SMITH Memoir Picks for June/July
Tuesday, June 27th, 2006
Seemed Like a Good Idea at the Time, by David Goodwillie
After a liberal arts education and a fizzled attempt at a career in major league baseball, Goodwillie found himself in 1990s New York. His new memoir chronicles life as a writer, job-hopper, and huge partier—all in hopes of drawing greater meaning from stresses, struggles, and, indeed, dismal failures.
Read an interview with David Goodwillie on Living with Legends, the blog of the famous Hotel Chelsea, where Goodwilliee wrote much of his memoir (in the maid’s room, actually).
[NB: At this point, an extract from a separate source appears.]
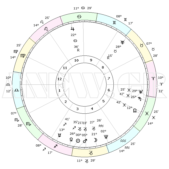 | | ΘΕΣΕΙΣ ΠΛΑΝΗΤΩΝ ΑΣΤΡΟΛΟΓΙΚΟΥ ΧΑΡΤΗ ΤΗΣ ΣΤΙΓΜΗΣ ΑΥΤΗΣ | | | | Πλανήτης | Ζώδιο | Μοίρες | Δεκαήμ. | Σε οίκο | Απόκλιση | | Ακμές των οίκων | | Ηλιος | Αιγόκερως | 00°16' | Πρώτο | 4 | 23 S 26 | | 1ος | 17°53' | Παρθένος | | Σελήνη | Αιγόκερως | 20°31' | Τρίτο | 5 | 25 S 44 | | 2ος | 13°30' | Ζυγός | | Ερμής | Τοξότης | 13°35' | Δεύτερο | 3 | 21 S 47 | | 3ος | 13°24' | Σκορπιός | | Αφροδίτη | Τοξότης | 26°30' | Τρίτο | 4 | 23 S 30 | | 4ος | 16°20' | Τοξότης | | Αρης | Αιγόκερως | 04°59' | Πρώτο | 4 | 24 S 10 | | 5ος | 19°35' | Αιγόκερως | | Δίας | Καρκίνος | 22°37'R | Τρίτο | 11 | 21 N 45 | | 6ος | 20°30' | Υδροχόος | | Κρόνος | Ιχθείς | 25°47' | Τρίτο | 7 | 03 S 47 | | 7ος | 17°53' | Ιχθείς | | Ουρανός | Ταύρος | 28°15'R | Τρίτο | 9 | 19 N 34 | | 8ος | 13°30' | Κριός | | Ποσειδώνας | Ιχθείς | 29°25' | Τρίτο | 7 | 01 S 28 | | 9ος | 13°24' | Ταύρος | | Πλούτωνας | Υδροχόος | 02°26' | Πρώτο | 5 | 23 S 17 | | 10ος | 16°20' | Δίδυμοι | | Β. Δεσμός | Ιχθείς | 12°42' | Δεύτερο | 6 | 06 S 47 | | 11ος | 19°35' | Καρκίνος | | Ωροσκόπος | Παρθένος | 17°53' | Δεύτερο | | | 12ος | 20°30' | Λέων | | Μεσουράνημα | Δίδυμοι | 16°20' | Δεύτερο | | | |

At the age of 63, Miriam Katin has written her first book. And drawn it. The animator for Disney and MTV uses the emerging graphic memoir form to recall the stunning story of her escape from the Nazis as a small child.
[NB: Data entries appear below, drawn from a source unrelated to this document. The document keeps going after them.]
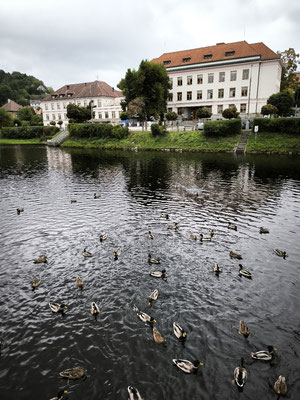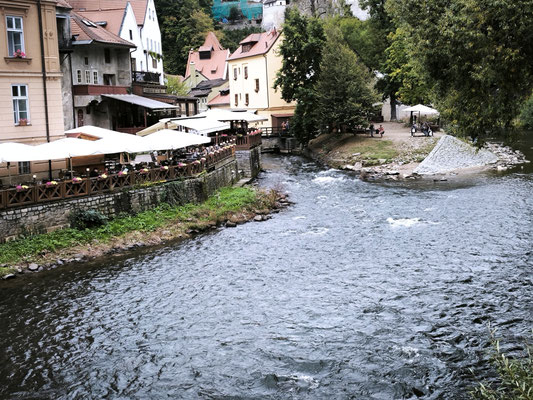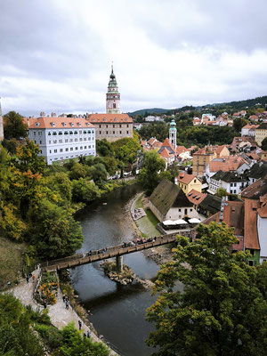 Durch die Altstadt windet sich in mehreren Schleifen die Moldau. Über Brücken gelangt man von einem Teil der Stadt in den anderen. 👍🚶🚶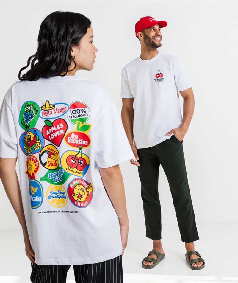 ON VACATION Fruit Stickers T-Shirt Weiß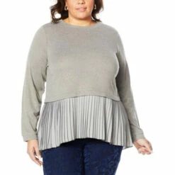DG2 by Diane Gilman Combo Pleated Peplum Top

Anita Liberty is a poet and performance artist who’s made a name for herself trashing her ex-boyfriend and reveling in her desolate misery. So what happens when she falls in love? Her latest book illuminates her terror at the very prospect through blog entries, poems, lists, and word definitions. And the newly smitten writer is also putting her mouth where her money is, performing a show based on the book at the Manhattan performance space HERE.

Former fiction editor of The New Yorker writer Bill Buford puts down his pen and picks up a cleaver in this account of kitchen culture, pig slaughter, and Mario Batali-worship. A peek inside the food world intersperses with history lessons, observations from the road, and an obvious passion for all things gastronomic.

Talk about your brushes with fame: Dunn has them in bushels, all spun through the seemingly innocent web of her central Jersey upbringing. Whether she’s dining with Dolly Parton, fake-dating Ben Affleck, or hiking with Brad Pitt, she’s indeed telling her own story-one where sex, drugs, and rock and roll commingle with Aquanet and trips to J.C. Penney.